Issue
The error: TF Lite converter throws an untraced function warning when trying to convert a temporal CNN (built using the widely used Keras TCN library: https://github.com/philipperemy/keras-tcn ), and throws in model parsing error when trying to do post-training quantization
1. System information
- OS Platform and Distribution (e.g., Linux Ubuntu 16.04): Ubuntu 18.04
- TensorFlow installation (pip package or built from source): Pip (python 3.8.8)
- TensorFlow library (version, if pip package or github SHA, if built from source): 2.3.0 (TF Base), 2.4.0 (TF-GPU)
2. Code
Part 1, converting pretrained TF model to TF Lite Model:
import os
os.environ["CUDA_DEVICE_ORDER"] = "PCI_BUS_ID"
os.environ["CUDA_VISIBLE_DEVICES"]="1"
from tensorflow.python.keras.backend import set_session
import tensorflow as tf
config = tf.compat.v1.ConfigProto()
config.gpu_options.allow_growth = True # dynamically grow the memory used on the GPU
config.log_device_placement = True # to log device placement (on which device the operation ran)
sess = tf.compat.v1.Session(config=config)
set_session(sess) # set this TensorFlow session as the default
import warnings
warnings.filterwarnings('ignore')
import pandas as pd
import numpy as np
from gtda.time_series import SlidingWindow
import matplotlib.pyplot as plt
from math import atan2, pi, sqrt
from tensorflow.keras.layers import Dense, MaxPooling1D, Flatten
from tensorflow.keras import Input, Model
from tensorflow.keras.callbacks import ModelCheckpoint
from tcn import TCN, tcn_full_summary
from tensorflow.keras.models import load_model
model = load_model('best_joint_new.hdf5',custom_objects={'TCN':TCN})
converter = tf.lite.TFLiteConverter.from_keras_model(model)
model_no_quant_tflite = converter.convert()
open('best_joint.tflite', "wb").write(model_no_quant_tflite)
Part 2: Post training quantization
trainX is a nX200X6 matrix of floating point values, n can be any integer.
def representative_dataset():
for i in range(trainX.shape[0]):
yield ([trainX[i]])
Same converter used as before.
# Set the optimization flag.
converter.optimizations = [tf.lite.Optimize.DEFAULT]
# Enforce integer only quantization
converter.target_spec.supported_ops = [tf.lite.OpsSet.TFLITE_BUILTINS_INT8]
converter.inference_input_type = tf.int8
converter.inference_output_type = tf.int8
# Provide a representative dataset to ensure we quantize correctly.
converter.representative_dataset = representative_dataset
model_quant_tflite = converter.convert()
# Save the model to disk
open('best_joint_quant.tflite', "wb").write(model_quant_tflite)
3. Failure after conversion
Part 1 (conversion successful but produces the following warning)
WARNING:absl:Found untraced functions such as residual_block_0_layer_call_and_return_conditional_losses, residual_block_0_layer_call_fn, residual_block_1_layer_call_and_return_conditional_losses, residual_block_1_layer_call_fn, residual_block_2_layer_call_and_return_conditional_losses while saving (showing 5 of 325). These functions will not be directly callable after loading.
WARNING:absl:Found untraced functions such as residual_block_0_layer_call_and_return_conditional_losses, residual_block_0_layer_call_fn, residual_block_1_layer_call_and_return_conditional_losses, residual_block_1_layer_call_fn, residual_block_2_layer_call_and_return_conditional_losses while saving (showing 5 of 325). These functions will not be directly callable after loading.

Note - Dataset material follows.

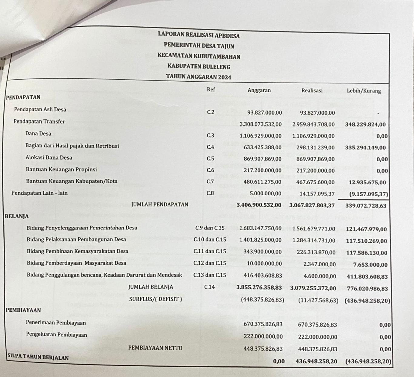 Berdasarkan hasil realisasi pelaksanaan Anggaran Pendapatan dan Belanja Desa (APBDes) Tahun Anggaran 2025, Pemerintah Desa Tajun memperoleh Sisa Lebih Perhitungan Anggaran (SiLPA) sebesar Rp 436.948.258,20.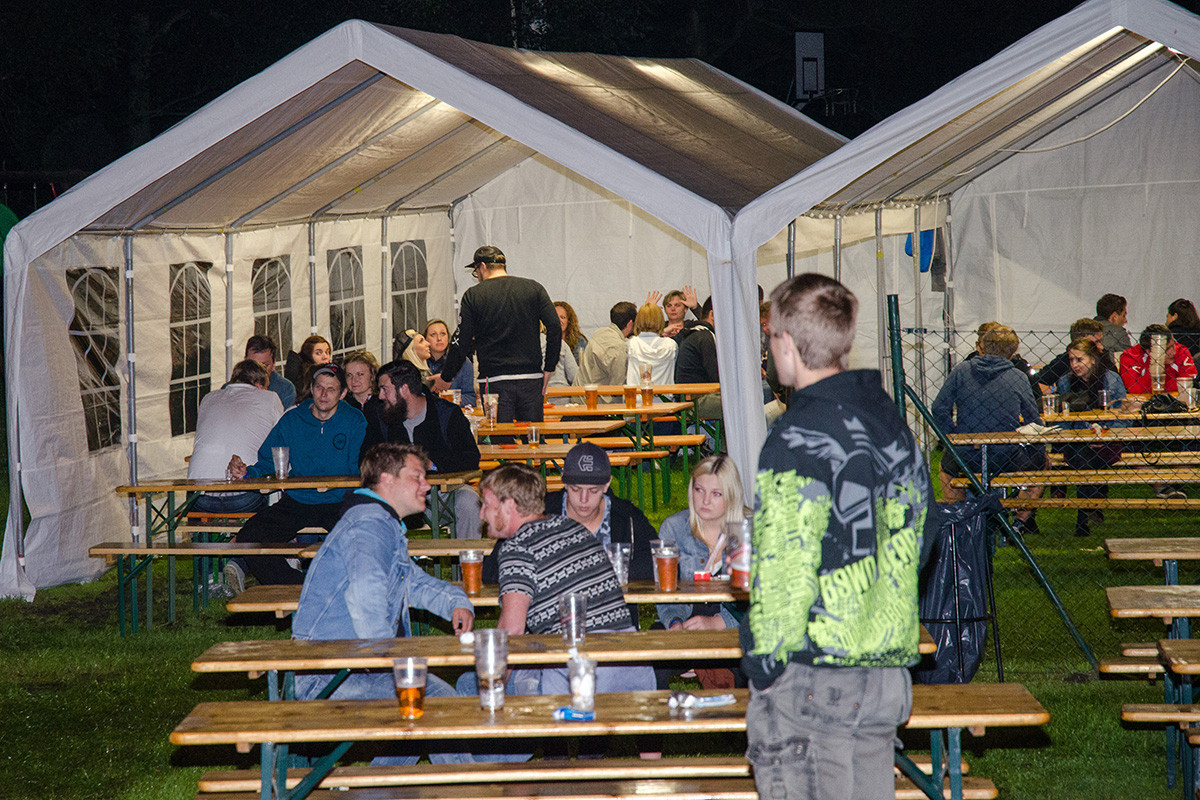 Šenkýři a šenkýřky, vybavení posilami, se otáčeli u píp a nálevny něčeho ostřejšího, na roštu se pak otáčely klobásky, pekla sekaná a nechyběly kuřecí steaky.

Part 2 (quantization fails)
---------------------------------------------------------------------------
TypeError Traceback (most recent call last)
~/anaconda3/envs/tflite/lib/python3.8/site-packages/tensorflow/lite/python/optimize/calibrator.py in __init__(self, model_content)
57 self._calibrator = (
---> 58 _calibration_wrapper.CalibrationWrapper(model_content))
59 except Exception as e:
TypeError: pybind11::init(): factory function returned nullptr
During handling of the above exception, another exception occurred:
ValueError Traceback (most recent call last)
<ipython-input-7-f34a9c965790> in <module>
7 # Provide a representative dataset to ensure we quantize correctly.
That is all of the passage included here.